→ Source data
= = = = =
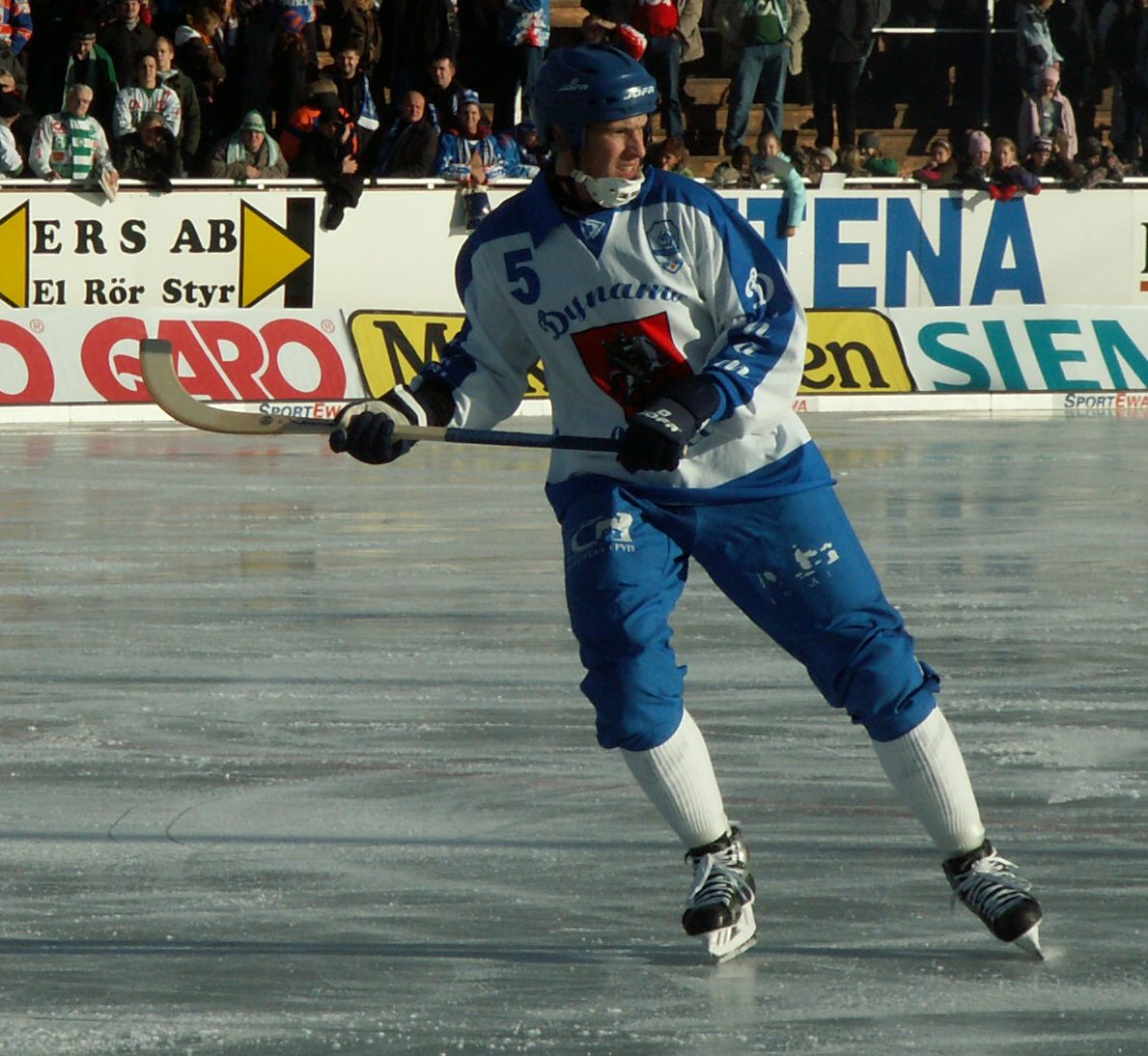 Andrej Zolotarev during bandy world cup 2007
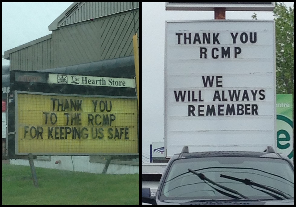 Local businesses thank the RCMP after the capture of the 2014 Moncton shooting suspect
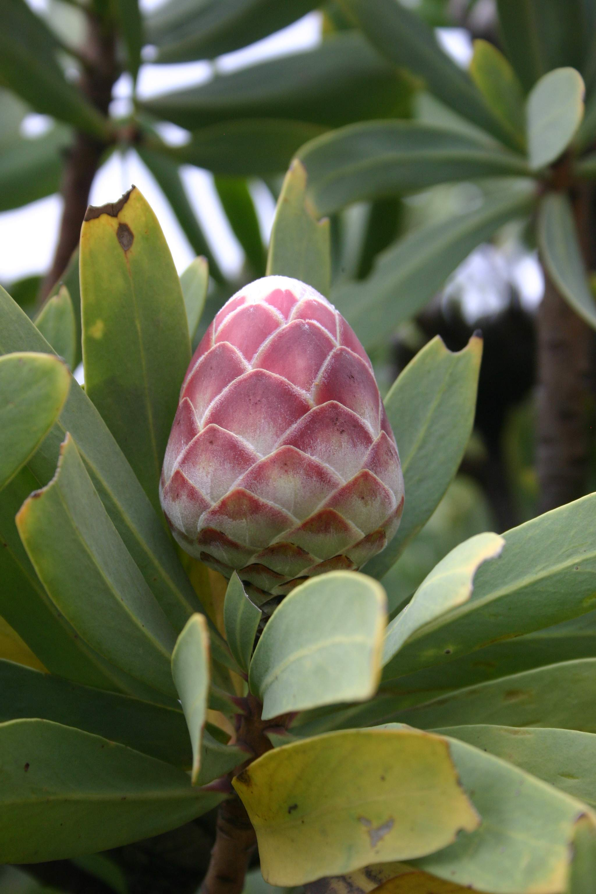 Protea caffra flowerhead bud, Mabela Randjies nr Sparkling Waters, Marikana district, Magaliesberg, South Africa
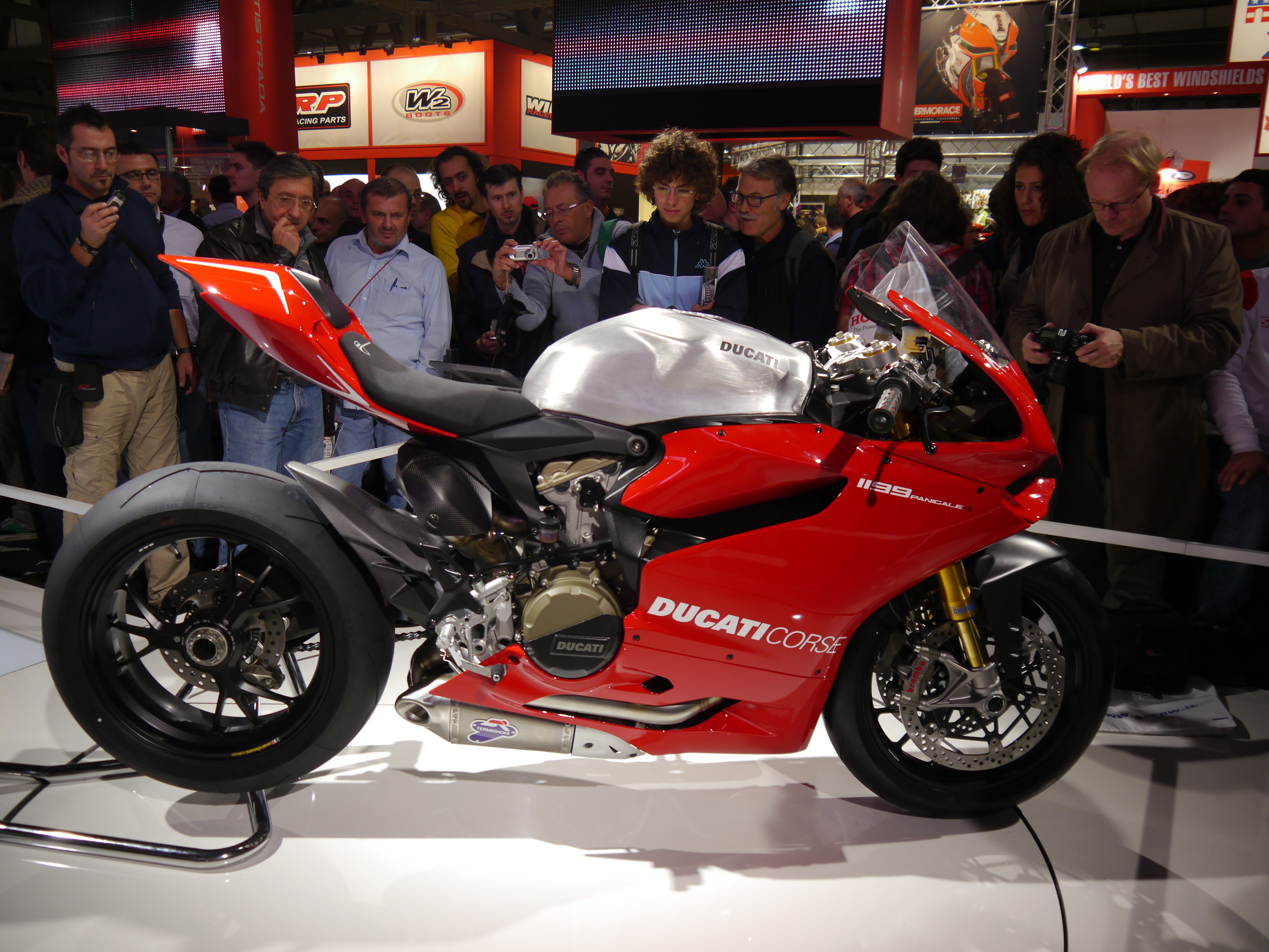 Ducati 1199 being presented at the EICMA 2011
= = = = =
→ What is required
Please print exactly the lines running from the line with "Local businesses thank" through the final line of the material, and nothing more. Keep pictures out.

→ Completed task
 Local businesses thank the RCMP after the capture of the 2014 Moncton shooting suspect
 Protea caffra flowerhead bud, Mabela Randjies nr Sparkling Waters, Marikana district, Magaliesberg, South Africa
 Ducati 1199 being presented at the EICMA 2011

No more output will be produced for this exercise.